Run through the records and show each line that includes the string "Domžale".

Input records Block Start

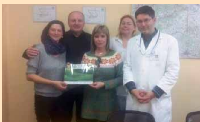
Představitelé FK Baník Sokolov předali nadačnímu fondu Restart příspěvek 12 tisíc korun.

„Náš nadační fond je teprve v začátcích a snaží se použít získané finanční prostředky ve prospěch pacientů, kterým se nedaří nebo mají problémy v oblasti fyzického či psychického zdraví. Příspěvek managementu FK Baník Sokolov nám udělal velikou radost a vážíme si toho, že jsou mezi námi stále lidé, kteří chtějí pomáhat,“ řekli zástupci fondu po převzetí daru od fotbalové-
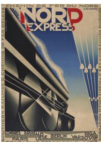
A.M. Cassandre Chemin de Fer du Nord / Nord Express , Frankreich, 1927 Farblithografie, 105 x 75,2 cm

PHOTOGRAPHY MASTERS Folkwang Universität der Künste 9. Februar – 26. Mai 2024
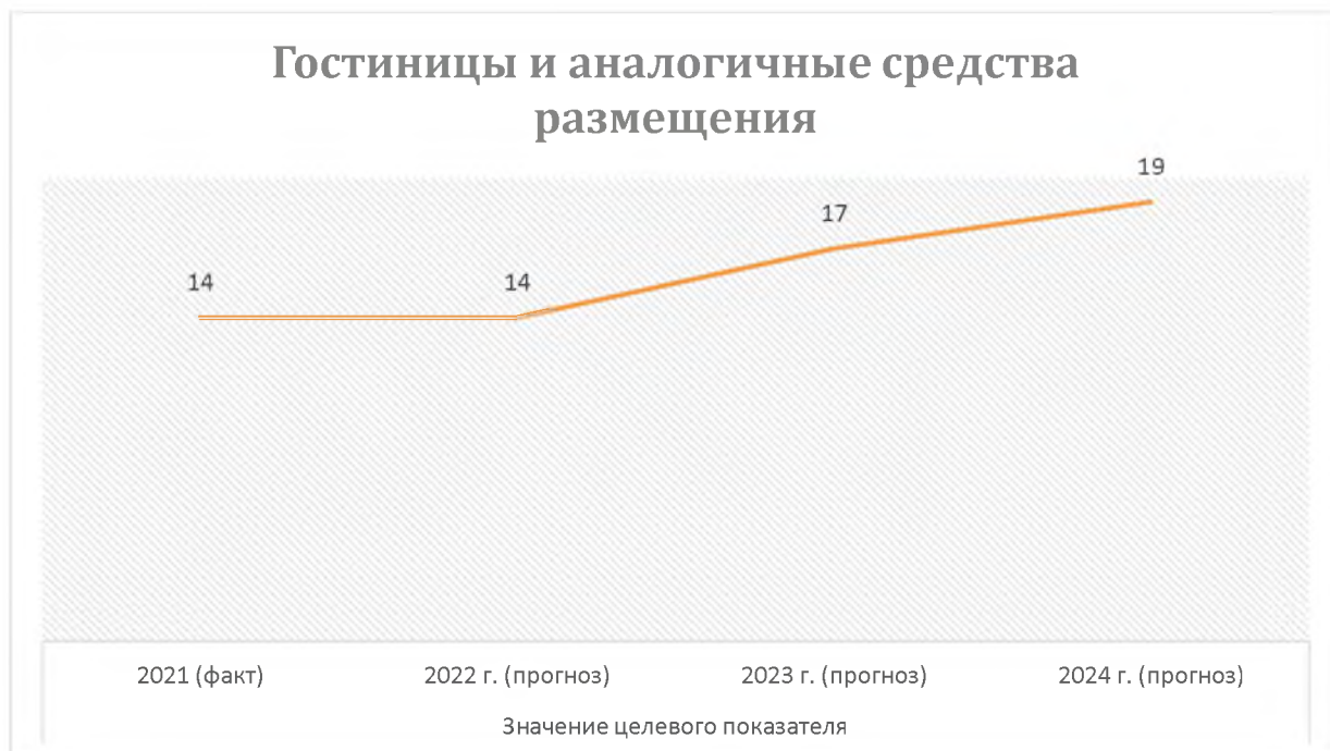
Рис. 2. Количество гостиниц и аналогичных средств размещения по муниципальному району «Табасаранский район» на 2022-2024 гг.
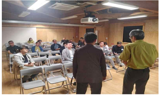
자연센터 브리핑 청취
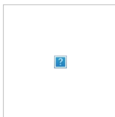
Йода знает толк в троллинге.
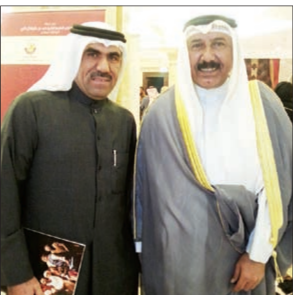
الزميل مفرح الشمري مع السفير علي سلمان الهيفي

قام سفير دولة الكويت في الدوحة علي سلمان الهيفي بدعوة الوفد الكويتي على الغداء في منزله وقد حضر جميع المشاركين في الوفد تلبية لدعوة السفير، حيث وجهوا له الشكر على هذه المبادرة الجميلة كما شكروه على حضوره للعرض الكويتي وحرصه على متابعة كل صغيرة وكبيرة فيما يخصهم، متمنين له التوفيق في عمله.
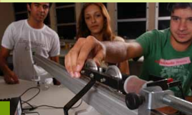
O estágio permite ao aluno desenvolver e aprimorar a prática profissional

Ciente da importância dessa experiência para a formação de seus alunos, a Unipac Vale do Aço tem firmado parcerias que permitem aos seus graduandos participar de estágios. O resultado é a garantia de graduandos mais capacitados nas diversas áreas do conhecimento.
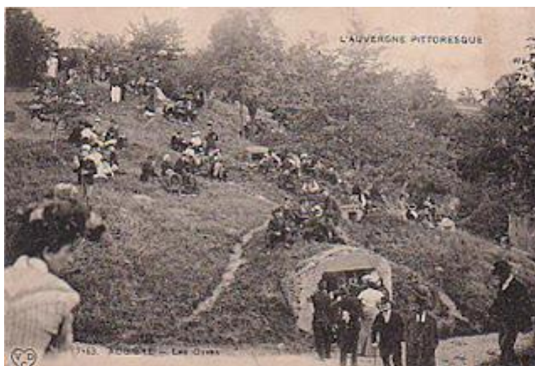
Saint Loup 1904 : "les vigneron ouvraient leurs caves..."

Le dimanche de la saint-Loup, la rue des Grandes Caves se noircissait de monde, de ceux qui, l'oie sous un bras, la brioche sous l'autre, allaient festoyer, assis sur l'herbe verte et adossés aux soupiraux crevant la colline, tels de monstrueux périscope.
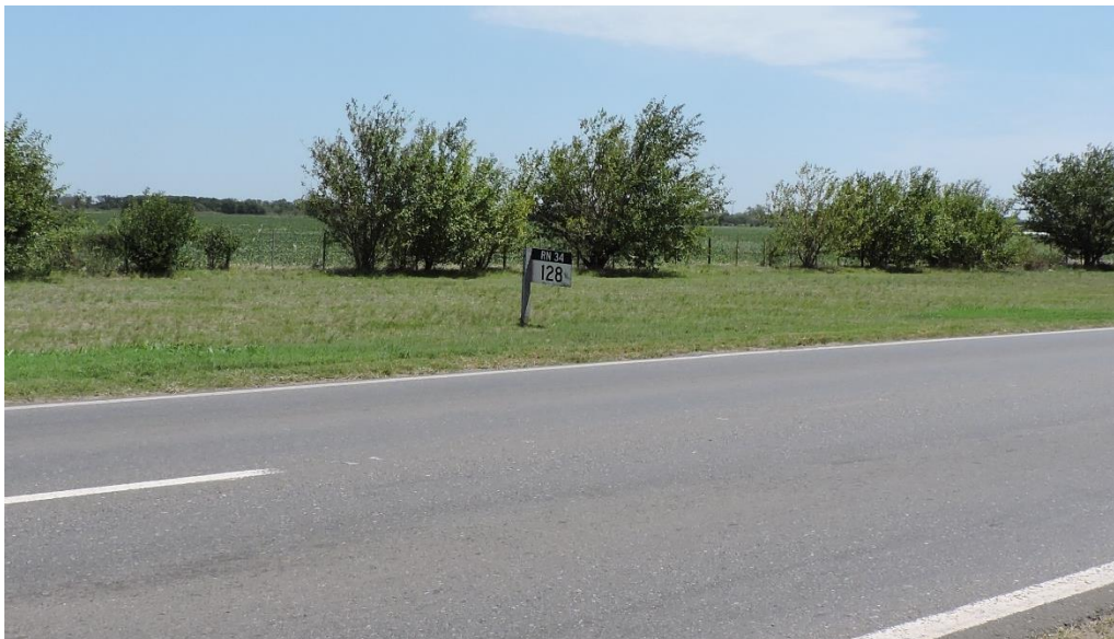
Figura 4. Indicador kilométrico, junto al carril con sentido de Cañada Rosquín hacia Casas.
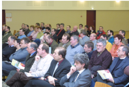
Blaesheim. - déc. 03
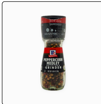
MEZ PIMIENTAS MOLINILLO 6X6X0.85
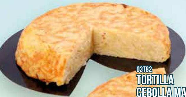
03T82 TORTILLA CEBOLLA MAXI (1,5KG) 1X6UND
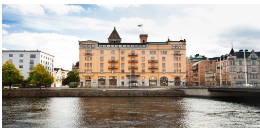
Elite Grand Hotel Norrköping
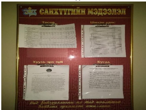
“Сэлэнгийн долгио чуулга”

Input records Block End
Input records Block Start

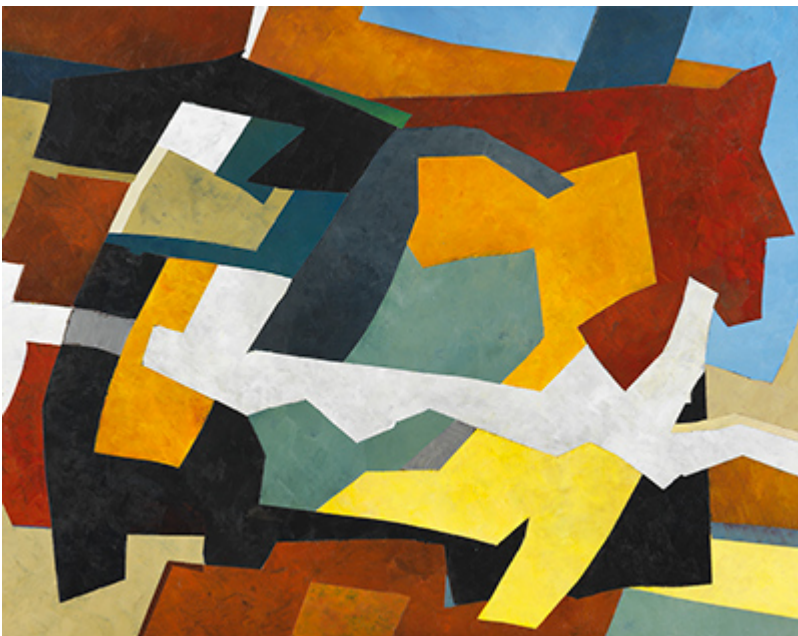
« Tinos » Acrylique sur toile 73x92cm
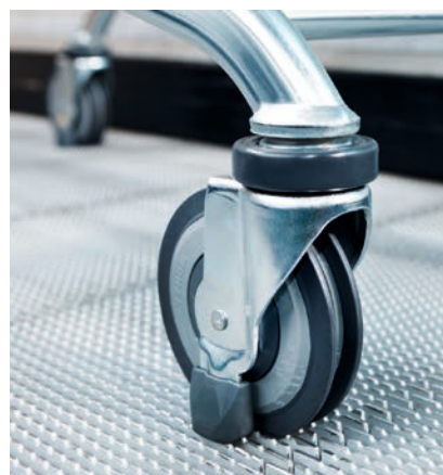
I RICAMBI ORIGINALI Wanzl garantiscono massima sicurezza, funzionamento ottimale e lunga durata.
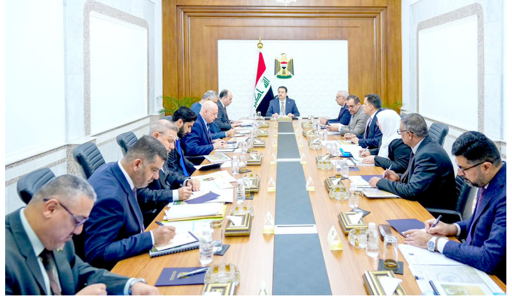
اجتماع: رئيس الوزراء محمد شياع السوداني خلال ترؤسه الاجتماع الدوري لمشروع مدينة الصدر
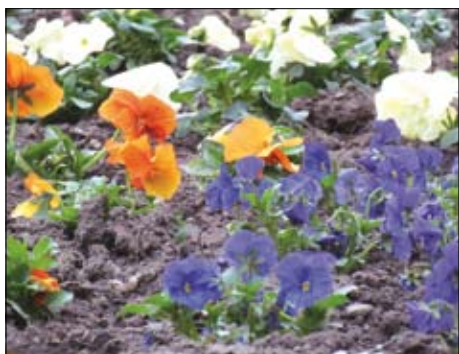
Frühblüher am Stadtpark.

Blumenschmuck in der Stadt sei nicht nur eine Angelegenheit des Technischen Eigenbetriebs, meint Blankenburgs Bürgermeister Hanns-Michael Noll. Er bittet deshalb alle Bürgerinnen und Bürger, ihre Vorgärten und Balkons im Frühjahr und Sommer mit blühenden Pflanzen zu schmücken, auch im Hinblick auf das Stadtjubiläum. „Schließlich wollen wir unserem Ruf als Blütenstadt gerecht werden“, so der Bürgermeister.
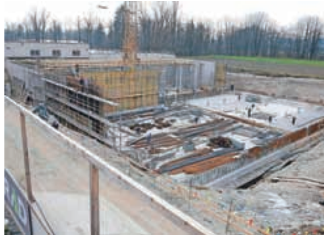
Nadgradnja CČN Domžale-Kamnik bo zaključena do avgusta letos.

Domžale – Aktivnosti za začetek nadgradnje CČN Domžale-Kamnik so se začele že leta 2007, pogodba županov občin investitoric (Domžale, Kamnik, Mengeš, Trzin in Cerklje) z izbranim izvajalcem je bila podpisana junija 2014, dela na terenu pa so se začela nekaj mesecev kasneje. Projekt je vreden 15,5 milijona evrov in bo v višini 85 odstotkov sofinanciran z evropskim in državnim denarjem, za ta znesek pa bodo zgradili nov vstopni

Input records Block End
Input records Block Start

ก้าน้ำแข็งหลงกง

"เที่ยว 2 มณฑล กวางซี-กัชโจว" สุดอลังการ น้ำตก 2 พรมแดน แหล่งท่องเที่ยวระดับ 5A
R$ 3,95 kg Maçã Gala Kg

Input records Block End

* Solution for this problem:
Nadgradnja CČN Domžale-Kamnik bo zaključena do avgusta letos.
Domžale – Aktivnosti za začetek nadgradnje CČN Domžale-Kamnik so se začele že leta 2007, pogodba županov občin investitoric (Domžale, Kamnik, Mengeš, Trzin in Cerklje) z izbranim izvajalcem je bila podpisana junija 2014, dela na terenu pa so se začela nekaj mesecev kasneje. Projekt je vreden 15,5 milijona evrov in bo v višini 85 odstotkov sofinanciran z evropskim in državnim denarjem, za ta znesek pa bodo zgradili nov vstopni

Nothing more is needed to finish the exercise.